O Tempo e o Direito

“O tempo é o juiz que marca a cadência das coisas, para permitir o navegar, o não soçobrar; o levar a nave da vida para o porto certo, na hora certa, na medida certa, ainda que o fogo consuma a balsa, faça o mar efervescer e comprometa a estabilidade da vida; ainda que o vento sopre com força demais e retire a serenidade da água; ainda que o homem esteja constantemente em perigo. Porque quem permanece em casa não corre tantos riscos, mas quem peregrina precisa chegar.” (Rosa Nery, Vínculo obrigacional: relação jurídica de razão-técnica e ciência de proporção)

Segundo Celso Antonio Bandeira de Mello, tempo é neutro e necessariamente idêntico para todos os seres. O que muda é o que ocorreu ao longo dele (Conteúdo jurídico do princípio da igualdade, p. 30).

A despeito dessa pretensa neutralidade do tempo, alguns institutos do direito ensejam reflexão. O tempo tem por efeito a valoração de certos institutos e de certas regras. Conceitos aparentemente imutáveis em certa época histórica são revisitados pela doutrina e assumem novas feições. É, portanto, sob a ótica do efeito transformador do tempo que se analisarão alguns institutos jurídicos.

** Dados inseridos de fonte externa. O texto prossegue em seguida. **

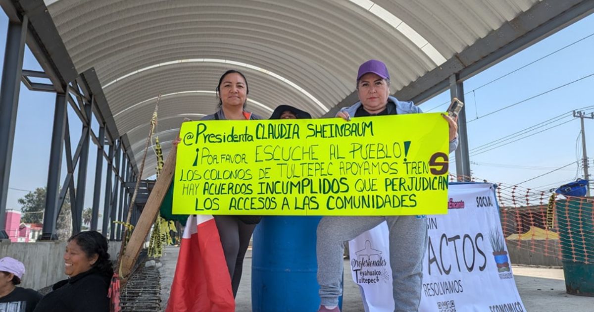 Habitantes de Teyahualco, en el municipio de Tultepec, mantienen bloqueados desde noviembre varios puntos del tramo ferroviario, en exigencia de obras de compensación que, aseguran, nunca llegaron pese a ser prometidas desde 2023.
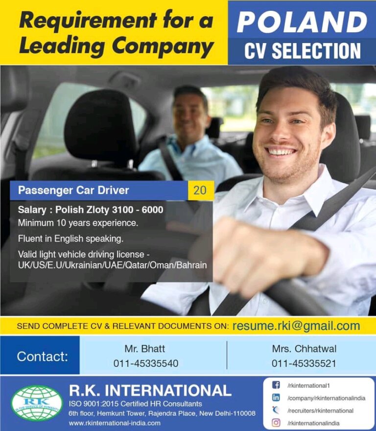 Requirement for a POLANDLeading CompanyCV SELECTIONPassenger Car Driversalary : Polish Zloty 3100 – 6000Minimum 10 years experience.Fluent in English speaking.Valid …

A abordagem da Lei de Introdução às Normas do Direito Brasileiro (novo nome dado à velha Lei de Introdução ao Código Civil) sobre o direito adquirido, o ato jurídico perfeito e a coisa julgada demonstra que o tempo tem o poder de consolidar as relações jurídicas. Algumas questões, entretanto, merecem atenção para fins de efeitos do tempo. Exemplo disso está no fato de o Poder Judiciário demonstrar ter uma nova visão desses institutos, quando passa a admitir a relativização da coisa julgada.

Claro está que o objetivo da lei ao preservar o direito adquirido, o ato jurídico perfeito e a coisa julgada não é outro senão a garantia de segurança e o fim das incertezas. No mesmo sentido, as lições de Paul Roubier: “O fundamento filosófico da não retroatividade é a necessidade de segurança jurídica e da confiança na estabilidade do direito (Les conflits de lois dans le temps: théorie dite de la non-rétroactivité des lois. Paris: Recueil Sirey, 1929, t. I, p. 483).

Não obstante toda a proteção em nome da segurança jurídica ao direito adquirido, ao ato jurídico perfeito e à coisa julgada, percebe-se que, em determinadas hipóteses, rompe-se com a estabilidade ou perenidade de certas situações jurídicas em homenagem à justiça.

A relativização da coisa jugada material é uma tese extremamente polêmica, que nasceu no seio do Superior Tribunal de Justiça (Min. José Delgado) e que, mesmo entre os que aceitam, só é defendida para casos realmente extraordinários. Essa tese parte da premissa de que nenhum valor constitucional é absoluto, devendo todos eles ser sistematicamente interpretados de modo harmonioso e, consequentemente, aplicando-se à coisa julgada o princípio da proporcionalidade, utilizado para o caso de colisão entre princípios constitucionais (Antônio Carlos de Araújo Cintra, Ada Pellegrini Grinover e Cândido Rangel Dinamarco, Teoria geral do processo. 23. ed. São Paulo: Malheiros, 2007. p. 327-328).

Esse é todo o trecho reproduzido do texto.